**** Materials provided ****

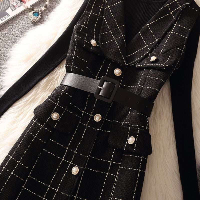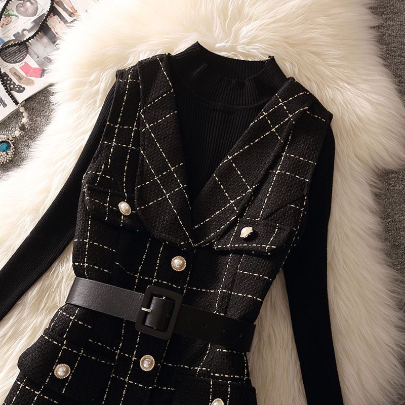 【set】ニットトップス×ベストワンピースセット Q8362
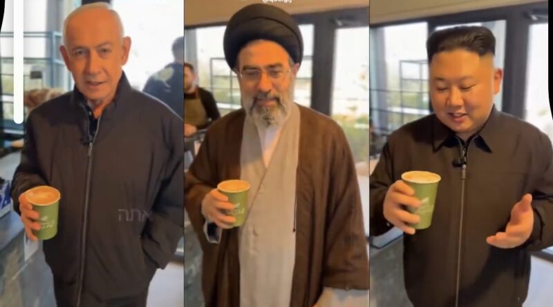 En una pequeña terraza de Jerusalén, en el Sataf Café, tres figuras que representan algunos de los mayores puntos de tensión del planeta aparecen tomando un café en el mismo lugar a la misma hora, tranquilos, compartiendo café: Benjamin Netanyahu, Mojtaba Khamenei y Kim Jong-un.
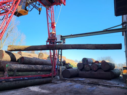 Für die Restaurierung eines historischen Segelschiffs wurden wir mit bis zu 13,5 Meter langer Eiche beliefert. Diese wurde eingeschnitten und wird bei uns lagern und trocknen bis zur Verarbeitung durch den Kunden.
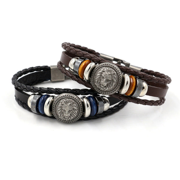 Pulsera vintage, de piel de vacuno trenzada, con un conjunto de tres partes.
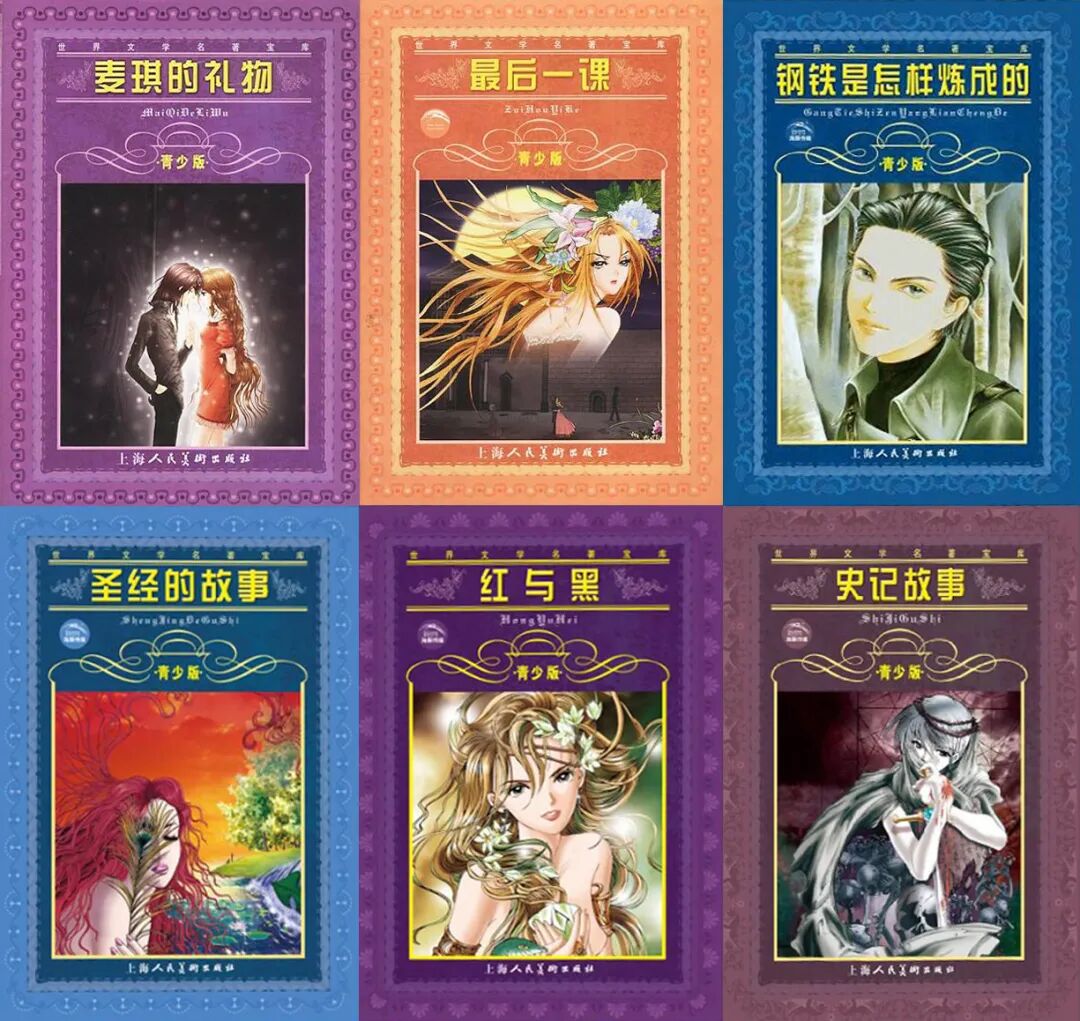 大山诚一郎的两部推理,封面不约而同地用了惊恐的眼睛,与它们对视30秒后,我需要看些美好的东西洗洗眼睛,比如《绝对不在场证明》的原版封面,竟如此清新宜人!可能只有鼓起勇气看过书之后,才能判断是哪个封面骗了我。上面这个封面可能让人觉得,只要有一张好看的插画,封面就能吸引人,事实是,too young too simple.图书市场上从来不缺“文学名著宝库”,但真正经典的却不多。这套坚持出了十多年的青少版名著宝库,在经典纹饰里嵌套日系漫画(可能是套系书的经典套路),明显是为了迎合少男少女的喜好,却偏离了原作的内容和设定。
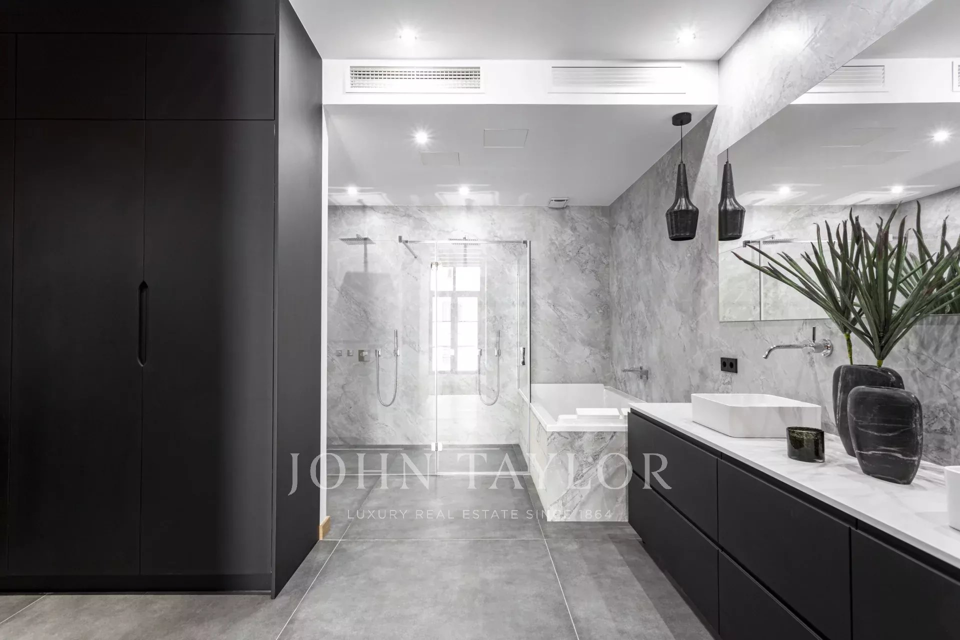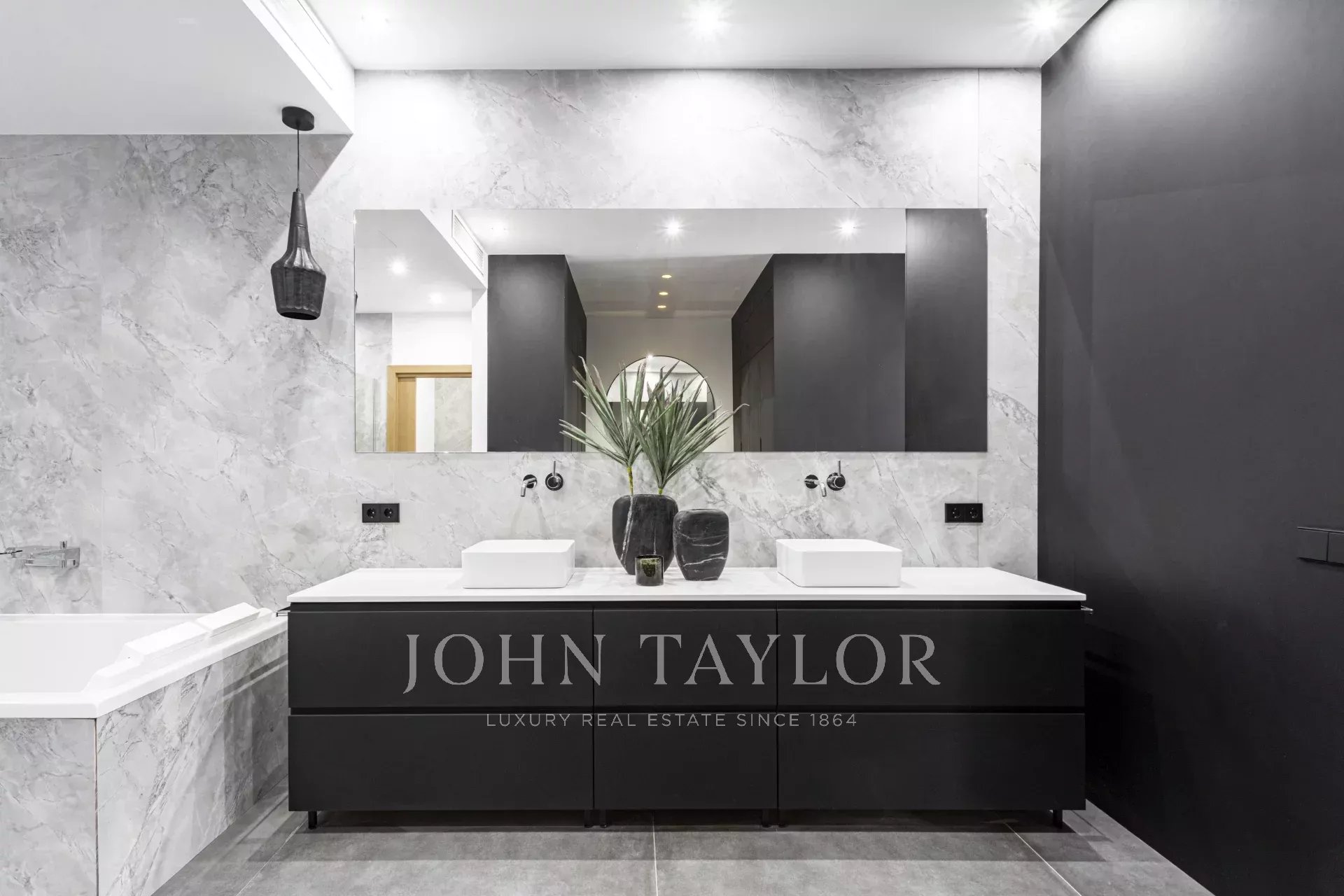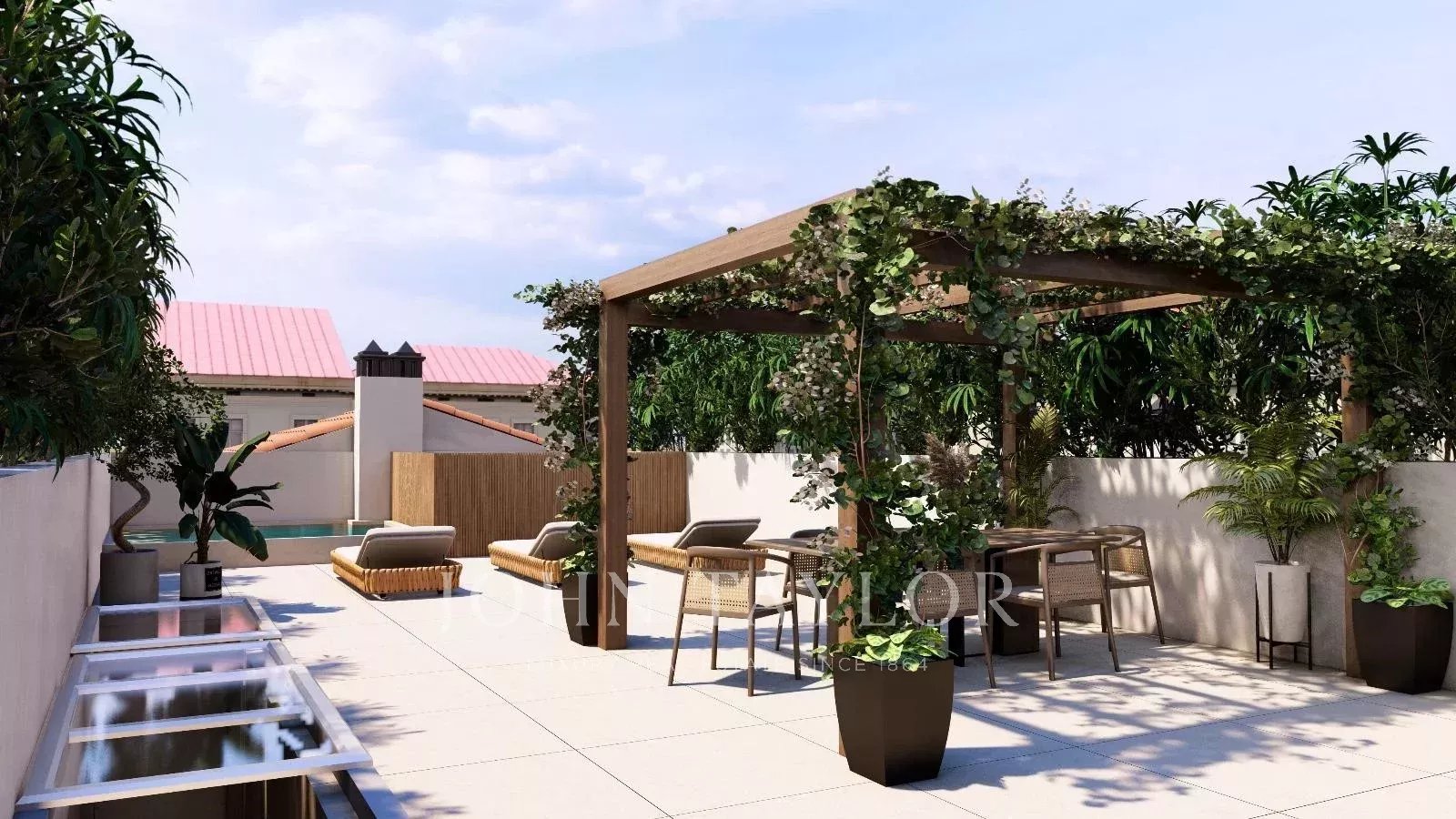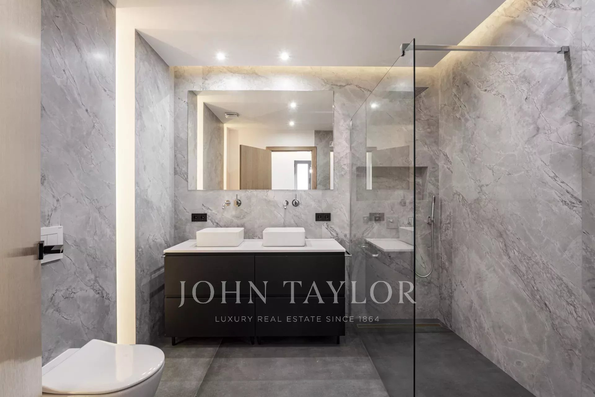 The master bedroom with a dressing area and an en suite bathroom ensures maximum comfort living on one floor. Access the first floor via the "floating stairs" to the additional two bedrooms, both with en suite bathrooms and an additional lounge area. The 100 sqm rooftop terrace is without doubt the jewel of the crown, with an exterior kitchen, dining, and lounge area complemented by the gentle sound of the water fountain. The property has exterior parking, underfloor heating, central A/C, and is sold furnished.

****

**What the task requires:**
Wherever a picture appears, omit it; copy the rest of the data exactly.

**Task response:**
 【set】ニットトップス×ベストワンピースセット Q8362
 En una pequeña terraza de Jerusalén, en el Sataf Café, tres figuras que representan algunos de los mayores puntos de tensión del planeta aparecen tomando un café en el mismo lugar a la misma hora, tranquilos, compartiendo café: Benjamin Netanyahu, Mojtaba Khamenei y Kim Jong-un.
 Für die Restaurierung eines historischen Segelschiffs wurden wir mit bis zu 13,5 Meter langer Eiche beliefert. Diese wurde eingeschnitten und wird bei uns lagern und trocknen bis zur Verarbeitung durch den Kunden.
 Pulsera vintage, de piel de vacuno trenzada, con un conjunto de tres partes.
 大山诚一郎的两部推理,封面不约而同地用了惊恐的眼睛,与它们对视30秒后,我需要看些美好的东西洗洗眼睛,比如《绝对不在场证明》的原版封面,竟如此清新宜人!可能只有鼓起勇气看过书之后,才能判断是哪个封面骗了我。上面这个封面可能让人觉得,只要有一张好看的插画,封面就能吸引人,事实是,too young too simple.图书市场上从来不缺“文学名著宝库”,但真正经典的却不多。这套坚持出了十多年的青少版名著宝库,在经典纹饰里嵌套日系漫画(可能是套系书的经典套路),明显是为了迎合少男少女的喜好,却偏离了原作的内容和设定。
 The master bedroom with a dressing area and an en suite bathroom ensures maximum comfort living on one floor. Access the first floor via the "floating stairs" to the additional two bedrooms, both with en suite bathrooms and an additional lounge area. The 100 sqm rooftop terrace is without doubt the jewel of the crown, with an exterior kitchen, dining, and lounge area complemented by the gentle sound of the water fountain. The property has exterior parking, underfloor heating, central A/C, and is sold furnished.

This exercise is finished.